I want to find a general formula for calculating:
$$\sum_{i=1}^n i F_i $$
where $F_n$ is the n-th Fibonacci number. What I have done so far is: $$\sum_{i=1}^n \sum_{j=i+1}^n F_j$$
I tried to solve it using above double summation formula but it doesn't give the correct result
$F_1$ = 1, $F_2$ = 2, $F_3$ = 3, $F_4$ = 5.
(for e.g. summation upto 12 is 3916, upto 5 is 46)
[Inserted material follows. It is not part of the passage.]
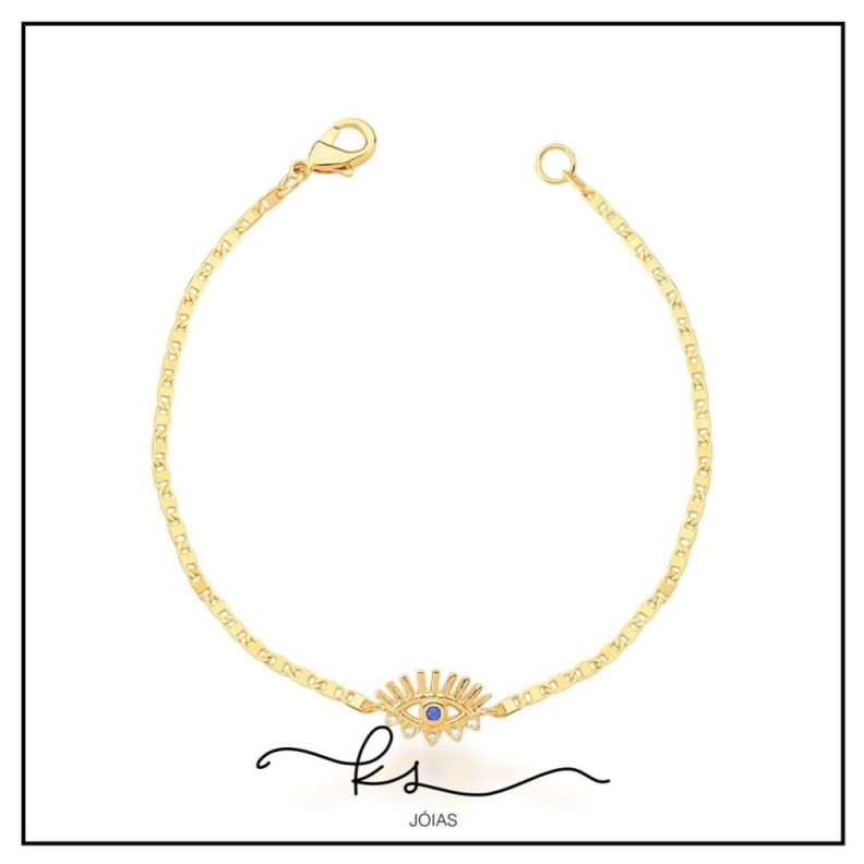 pulseira ouro olho grego meio zircônia azulConfira opiniões e avaliações de clientes!
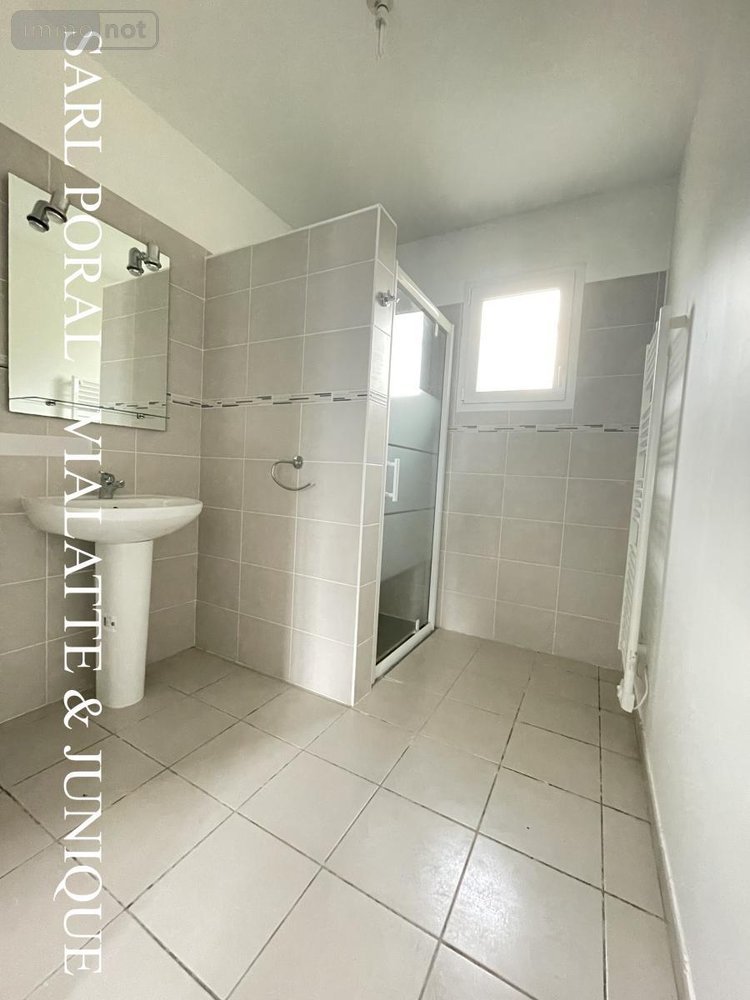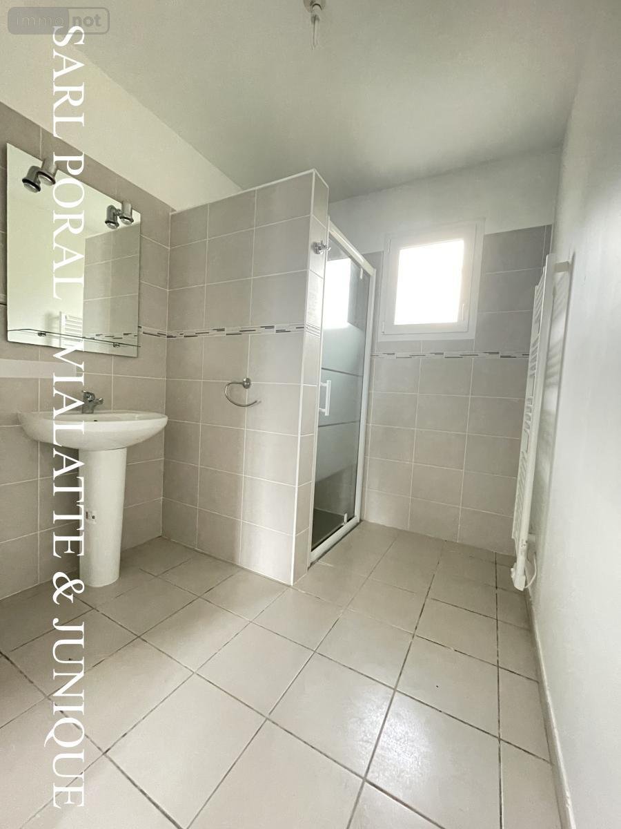Pièce principale avec cuisine équipée de meubles, plaque de cuisson, four & hotte, dégagement, 3 chambres avec placards muraux, buanderie, salle d'eau, wc.

If you want to compute the sum $$\sum_{i=1}^n iF_i$$ you can write $$\sum_{i=1}^n iF_i =\sum_{i=1}^n \sum_{j=1}^i F_i = \sum_{j=1}^n \sum_{i=j}^n F_i $$ and switching $i,j$ it leads to $$ \sum_{i=1}^n \sum_{j=i}^n F_j$$ If you want to achieve a close form, you may remember $$F_1+F_2+F_3+\dots+F_k = F_{k+2}-2$$ so $$ \sum_{i=1}^n \sum_{j=i}^n F_j = \sum_{i=1}^n (F_{n+2}-2 -\sum_{j=1}^{i-1} F_j ) = nF_{n+2} - 2n - \sum_{i=1}^n(F_{i+1}-2) $$ $$= nF_{n+2} - F_{n+3}+2+F_1 =nF_{n+2} - F_{n+3} + 3 $$